At the molecular level, what’s really going on as the marble rolls down the slope is that different genes are being switched on and off, guided by transcription factors, sirtuins and other enzymes such as DNA methyltransferases (DNMTs) and histone methyltransferases (HMTs), which mark the DNA and its packing proteins with chemical tags that instruct the cell and its descendants to behave in a certain way.
What’s not generally appreciated, even in scientific circles, is how important the stability of this information is for our long-term health. You see, epigenetics was long the purview of scientists who study the very beginnings of life, not folks like me who are studying the other end of things.
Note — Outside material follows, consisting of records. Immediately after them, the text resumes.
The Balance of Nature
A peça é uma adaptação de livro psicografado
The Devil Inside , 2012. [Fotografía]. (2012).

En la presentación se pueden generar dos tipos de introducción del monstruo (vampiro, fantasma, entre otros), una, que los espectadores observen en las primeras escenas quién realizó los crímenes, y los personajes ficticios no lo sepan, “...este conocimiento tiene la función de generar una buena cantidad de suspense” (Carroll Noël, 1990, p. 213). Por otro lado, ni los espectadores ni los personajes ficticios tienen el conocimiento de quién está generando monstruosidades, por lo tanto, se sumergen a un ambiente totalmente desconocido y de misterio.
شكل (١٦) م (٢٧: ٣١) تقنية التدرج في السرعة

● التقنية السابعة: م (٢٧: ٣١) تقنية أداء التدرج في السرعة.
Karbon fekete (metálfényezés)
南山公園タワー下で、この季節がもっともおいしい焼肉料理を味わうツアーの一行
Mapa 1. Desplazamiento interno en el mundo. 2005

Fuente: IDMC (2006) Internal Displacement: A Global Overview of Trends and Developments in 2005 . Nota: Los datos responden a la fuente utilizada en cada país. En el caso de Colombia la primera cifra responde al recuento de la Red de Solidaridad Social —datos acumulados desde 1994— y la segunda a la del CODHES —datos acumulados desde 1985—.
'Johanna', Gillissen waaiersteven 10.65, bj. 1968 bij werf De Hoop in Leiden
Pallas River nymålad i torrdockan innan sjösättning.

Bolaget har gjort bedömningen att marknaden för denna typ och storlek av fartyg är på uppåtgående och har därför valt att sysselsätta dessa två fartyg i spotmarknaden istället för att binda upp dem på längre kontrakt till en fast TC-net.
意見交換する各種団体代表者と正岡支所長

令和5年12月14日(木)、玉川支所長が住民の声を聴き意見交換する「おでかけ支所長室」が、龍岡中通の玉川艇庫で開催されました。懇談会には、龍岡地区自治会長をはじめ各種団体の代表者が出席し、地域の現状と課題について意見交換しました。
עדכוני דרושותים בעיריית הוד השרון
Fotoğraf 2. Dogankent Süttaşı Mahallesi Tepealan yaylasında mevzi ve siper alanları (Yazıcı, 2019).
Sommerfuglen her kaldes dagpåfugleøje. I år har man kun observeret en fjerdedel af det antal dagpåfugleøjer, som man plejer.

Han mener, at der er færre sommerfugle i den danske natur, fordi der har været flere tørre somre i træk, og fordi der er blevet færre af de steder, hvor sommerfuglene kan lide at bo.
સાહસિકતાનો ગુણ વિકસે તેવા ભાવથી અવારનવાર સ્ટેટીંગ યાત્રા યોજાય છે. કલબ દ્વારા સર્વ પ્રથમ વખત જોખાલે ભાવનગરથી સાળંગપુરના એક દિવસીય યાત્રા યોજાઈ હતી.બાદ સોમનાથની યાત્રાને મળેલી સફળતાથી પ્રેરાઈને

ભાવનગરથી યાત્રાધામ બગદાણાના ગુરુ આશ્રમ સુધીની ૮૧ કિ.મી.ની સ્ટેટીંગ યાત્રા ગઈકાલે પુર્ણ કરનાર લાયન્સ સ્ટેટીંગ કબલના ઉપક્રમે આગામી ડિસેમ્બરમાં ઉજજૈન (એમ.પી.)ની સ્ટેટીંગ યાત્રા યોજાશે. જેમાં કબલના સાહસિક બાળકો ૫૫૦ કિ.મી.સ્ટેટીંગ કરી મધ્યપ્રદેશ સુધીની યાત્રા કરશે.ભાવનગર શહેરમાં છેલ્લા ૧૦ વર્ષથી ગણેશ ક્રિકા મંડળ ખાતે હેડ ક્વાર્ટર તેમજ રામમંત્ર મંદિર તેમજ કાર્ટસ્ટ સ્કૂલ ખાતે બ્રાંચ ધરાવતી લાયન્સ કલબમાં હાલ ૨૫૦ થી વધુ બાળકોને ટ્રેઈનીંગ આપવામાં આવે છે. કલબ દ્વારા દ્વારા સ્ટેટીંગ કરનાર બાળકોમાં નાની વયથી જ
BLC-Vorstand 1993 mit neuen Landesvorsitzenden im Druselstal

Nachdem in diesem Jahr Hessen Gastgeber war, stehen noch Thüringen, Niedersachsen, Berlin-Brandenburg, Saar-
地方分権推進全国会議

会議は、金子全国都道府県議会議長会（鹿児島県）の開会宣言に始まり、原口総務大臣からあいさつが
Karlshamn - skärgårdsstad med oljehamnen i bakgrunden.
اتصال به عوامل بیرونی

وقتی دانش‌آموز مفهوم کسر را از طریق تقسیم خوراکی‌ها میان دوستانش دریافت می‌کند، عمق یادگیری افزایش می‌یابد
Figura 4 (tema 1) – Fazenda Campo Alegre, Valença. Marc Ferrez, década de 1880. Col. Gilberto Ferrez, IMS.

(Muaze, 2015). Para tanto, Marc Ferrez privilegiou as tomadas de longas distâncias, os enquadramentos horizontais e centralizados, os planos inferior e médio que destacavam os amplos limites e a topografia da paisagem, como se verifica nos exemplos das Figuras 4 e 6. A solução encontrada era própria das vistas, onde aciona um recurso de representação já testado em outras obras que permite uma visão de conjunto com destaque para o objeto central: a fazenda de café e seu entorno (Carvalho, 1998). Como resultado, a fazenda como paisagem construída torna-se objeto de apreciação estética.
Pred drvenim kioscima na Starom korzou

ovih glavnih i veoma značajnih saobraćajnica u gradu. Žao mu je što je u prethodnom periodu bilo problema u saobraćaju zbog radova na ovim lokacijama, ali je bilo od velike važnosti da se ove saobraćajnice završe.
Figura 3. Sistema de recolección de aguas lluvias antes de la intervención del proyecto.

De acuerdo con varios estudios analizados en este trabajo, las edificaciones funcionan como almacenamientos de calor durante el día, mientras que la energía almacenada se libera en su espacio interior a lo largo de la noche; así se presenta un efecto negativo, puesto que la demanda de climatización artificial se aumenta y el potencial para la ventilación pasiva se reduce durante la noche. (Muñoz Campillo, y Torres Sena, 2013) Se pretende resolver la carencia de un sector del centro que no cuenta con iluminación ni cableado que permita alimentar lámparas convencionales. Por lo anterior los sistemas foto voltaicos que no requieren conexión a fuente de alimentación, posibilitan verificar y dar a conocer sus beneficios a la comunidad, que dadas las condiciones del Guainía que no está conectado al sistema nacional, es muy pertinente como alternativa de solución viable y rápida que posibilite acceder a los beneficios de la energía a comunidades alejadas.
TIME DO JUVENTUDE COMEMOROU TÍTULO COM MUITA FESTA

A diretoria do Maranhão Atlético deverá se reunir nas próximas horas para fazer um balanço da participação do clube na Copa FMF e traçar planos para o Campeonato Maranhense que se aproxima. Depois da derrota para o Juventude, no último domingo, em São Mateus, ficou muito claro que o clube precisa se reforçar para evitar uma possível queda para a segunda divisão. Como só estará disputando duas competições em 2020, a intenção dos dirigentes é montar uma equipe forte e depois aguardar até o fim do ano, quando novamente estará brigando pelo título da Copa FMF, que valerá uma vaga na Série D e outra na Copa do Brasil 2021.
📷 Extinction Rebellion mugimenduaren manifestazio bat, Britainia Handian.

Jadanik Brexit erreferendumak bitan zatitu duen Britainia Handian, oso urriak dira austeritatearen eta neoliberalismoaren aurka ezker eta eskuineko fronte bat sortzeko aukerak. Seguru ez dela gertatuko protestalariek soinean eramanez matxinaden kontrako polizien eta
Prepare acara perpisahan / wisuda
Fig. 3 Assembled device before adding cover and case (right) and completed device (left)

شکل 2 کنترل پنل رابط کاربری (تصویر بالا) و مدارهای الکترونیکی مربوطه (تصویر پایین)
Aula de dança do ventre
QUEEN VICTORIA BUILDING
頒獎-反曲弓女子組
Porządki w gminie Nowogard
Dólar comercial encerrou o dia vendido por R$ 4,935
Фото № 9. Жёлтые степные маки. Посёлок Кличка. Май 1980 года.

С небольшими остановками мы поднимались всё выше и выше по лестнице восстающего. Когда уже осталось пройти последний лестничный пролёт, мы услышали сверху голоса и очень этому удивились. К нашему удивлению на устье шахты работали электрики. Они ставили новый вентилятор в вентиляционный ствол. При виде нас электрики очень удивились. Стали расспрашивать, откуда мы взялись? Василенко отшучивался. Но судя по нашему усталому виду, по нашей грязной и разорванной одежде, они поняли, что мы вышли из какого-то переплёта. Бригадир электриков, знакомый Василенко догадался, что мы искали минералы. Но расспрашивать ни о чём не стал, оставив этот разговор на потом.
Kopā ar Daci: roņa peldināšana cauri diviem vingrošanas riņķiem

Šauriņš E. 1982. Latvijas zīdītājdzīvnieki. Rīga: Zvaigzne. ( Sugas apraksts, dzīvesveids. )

Once a marble has settled in Waddington’s landscape, it tends to stay there. If all goes well with fertilization, the embryo develops into a fetus, then a baby, then a toddler, then a teenager, then an adult. Things tend to go well in our youth. But the clock is ticking.
Every time there’s a radical adjustment to the epigenome, say, after DNA damage from the sun or an X-ray, the marbles are jostled—envision a small earthquake that ever so slightly changes the map. Over time, with repeated earthquakes and erosion of the mountains, the marbles are moved up the sides of the slope, toward a new valley. A cell’s identity changes. A skin cell starts behaving differently, turning on genes that were shut off in the womb and were meant to stay off. Now it is 90 percent a skin cell and 10 percent other cell types, all mixed up, with properties of neurons and kidney cells. The cell becomes inept at the things skin cells must do, such as making hair, keeping the skin supple, and healing when injured.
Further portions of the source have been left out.